In an article on Wiki, there is a plot that shows a positive reflection coefficient. How is this possible? I can't seem to see how you can get a positive one from this equation alone:

$$ \Gamma_= \frac{sin(\theta)-X}{sin(\theta) + X} $$ $$ X_{horiz}= \sqrt{\epsilon_c - cos(\theta)^2} $$ $$ X_{vert}= \frac{\sqrt{\epsilon_c - cos(\theta)^2}}{\epsilon_c} $$

Image in question: plot


Article with the image: http://en.wikipedia.org/wiki/2-Ray_Ground_Reflection_Model

I tried plotting it in MATLAB w.r.t theta, and I don't see the plateau, nor do I see the positive reflection coefficients. I'd appreciate some clarification.

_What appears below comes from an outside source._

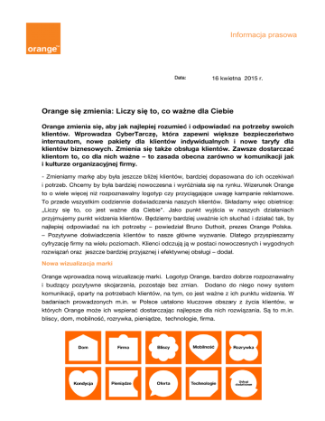 Informacja prasowa Data: 16 kwietna 2015 r. Orange się zmienia: Liczy się to, co ważne dla Ciebie Orange zmienia się, aby jak najlepiej rozumieć i odpowiadać na potrzeby swoich klientów. Wprowadza CyberTarczę, która zapewni większe bezpieczeństwo internautom, nowe pakiety dla klientów indywidualnych i nowe taryfy dla klientów biznesowych. Zmienia się także obsługa klientów. Zawsze dostarczać klientom to, co dla nich ważne – to zasada obecna zarówno w komunikacji jak i kulturze organizacyjnej firmy. - Zmieniamy markę aby była jeszcze bliżej klientów, bardziej dopasowana do ich oczekiwań i potrzeb. Chcemy by była bardziej nowoczesna i wyróżniała się na rynku. Wizerunek Orange to o wiele więcej niż rozpoznawalny logotyp czy przyciągające uwagę kampanie reklamowe. To przede wszystkim codziennie doświadczenia naszych klientów. Składamy więc obietnicę: „Liczy się to, co jest ważne dla Ciebie”. Jako punkt wyjścia w naszych działaniach przyjmujemy punkt widzenia klientów. Będziemy bardziej uważnie ich słuchać i działać tak, by najlepiej odpowiadać na ich potrzeby – powiedział Bruno Duthoit, prezes Orange Polska. – Pozytywne doświadczenia klientów to nasze główne wyzwanie. Dlatego przyspieszamy cyfryzację firmy na wielu poziomach. Klienci odczują ją w postaci nowoczesnych i wygodnych rozwiązań oraz jeszcze bardziej przyjaznej i efektywnej obsługi – dodał. Nowa wizualizacja marki Orange wprowadza nową wizualizację marki. Logotyp Orange, bardzo dobrze rozpoznawalny i budzący pozytywne skojarzenia, pozostaje bez zmian. Dodano do niego nowy system komunikacji, oparty na potrzebach klientów, na tym, co jest ważne z ich punktu widzenia. W badaniach prowadzonych m.in. w Polsce ustalono kluczowe obszary z życia klientów, w których Orange może ich wspierać dostarczając najlepsze dla nich rozwiązania. Są to m.in. bliscy, dom, mobilność, rozrywka, pieniądze, technologie, firma. Oferty Orange będą odtąd umieszczane w wyrazistych kontekstach, zrozumiałych dla klientów, przedstawiających potrzeby oraz odpowiedź Orange na nie w postaci produktów i usług. Zmieniają się także inne elementy wizualizacji marki, takie jak bardziej urozmaicona paleta kolorów, styl zdjęć i grafik. Nowe oferty i nowa jakość w obsłudze klientów Salony Orange i pozostałe kanały sprzedaży będą jeszcze lepiej się uzupełniać by zapewnić klientom jednakowe, pozytywne doświadczenia. Już dziś można odebrać zamówienie złożone przez internet w dowolnym salonie Orange. Na recepcji w salonach Orange będzie można załatwić wiele prostych spraw „od ręki”. Sukcesywnie wdrażany będzie inteligentny system zarządzania ruchem w salonie, pozwalający klientowi zaplanować wizytę w dogodnym terminie. W Warszawie wkrótce zostanie otwarty Smart Store – interaktywny salon przyszłości. Klienci którzy korzystają z wielu usług Orange, będą mogli załatwić większość spraw poprzez jednego, wyznaczonego dla nich doradcę. Rusza także system obsługi dla seniorów. Klienci korzystający z aplikacji Mój Orange mogą się już łączyć z infolinią bezpośrednio z poziomu aplikacji, a już wkrótce będą mogli opłacać swoje rachunki za pomocą smartfona. Odświeżona została także część samoobsługowa portalu www.orange.pl. Szczegółowe informacje na ten temat znajdują się tu: link Startują nowe oferty: Nowe plany taryfowe dla biznesu, to efekt badań preferencji klientów. W nowych taryfach otrzymują oni pakiety internetu LTE oraz nielimitowane rozmowy, SMS-y i MMS-y w kraju. Prócz tego, do wyboru są plany zapewniające nawet do 1000 minut na rozmowy i 1 GB na internet w roamingu oraz nielimitowane połączenia do krajów UE. Stałym klientom Orange oferuje dodatkowe korzyści przy przedłużaniu umowy. Szczegółowe informacje na ten temat znajdują się tu: link Pakiety usług dla klientów indywidualnych - Rodzinny, Komfortowy i Wygodny. Każdy zawiera zestaw usług domowych i mobilnych, przydatnych w obszarach, które sami klienci określili jako ważne - Bliscy, Dom i Mobilność. Cena usług w pakiecie jest niższa niż przy zamówieniu pojedynczych ofert, ponieważ każdy pakiet zawiera rabat Orange Open. Szczegółowe informacje na ten temat znajdują się tu: link Bardziej bezpieczny internet z CyberTarczą. To nowe, bezpłatne rozwiązanie, które zapewni większe bezpieczeństwo w sieci użytkownikom Neostrady. Umożliwia wykrycie większości potencjalnych zagrożeń internetowych, a także samodzielne sprawdzanie stanu bezpieczeństwa urządzeń podłączonych do domowej sieci. Szczegółowe informacje na ten temat znajdują się tu: link 2 Zobowiązania Orange Firma przedstawia także Zobowiązania Orange, deklarację pokazującą na konkretnych dowodach jak odpowiadamy na oczekiwania i potrzeby klientów. To efekty pracy nad doskonaleniem doświadczeń klientów w Orange, wykonanej na przestrzeni ostatnich lat. Szczegółowe informacje na ten temat znajdują się tu: link Wojciech Jabczyński, rzecznik Orange Polska e-mail: [email protected] 3

  • \$\begingroup\$ I think you want to look at is as the magnitude of the reflection coefficient being less than or equal to 1. A coefficient of 1 means everything is reflected back if I remember right. -1 means the reflected wave is inverted? This is covered in books on time varying EM fields. \$\endgroup\$
    – HL-SDK
    Commented Nov 30, 2013 at 2:52

1 Answer 1


Reflection coefficients are limited to the range -1 to +1 for passive systems, so it is certainly possible to get a positive one.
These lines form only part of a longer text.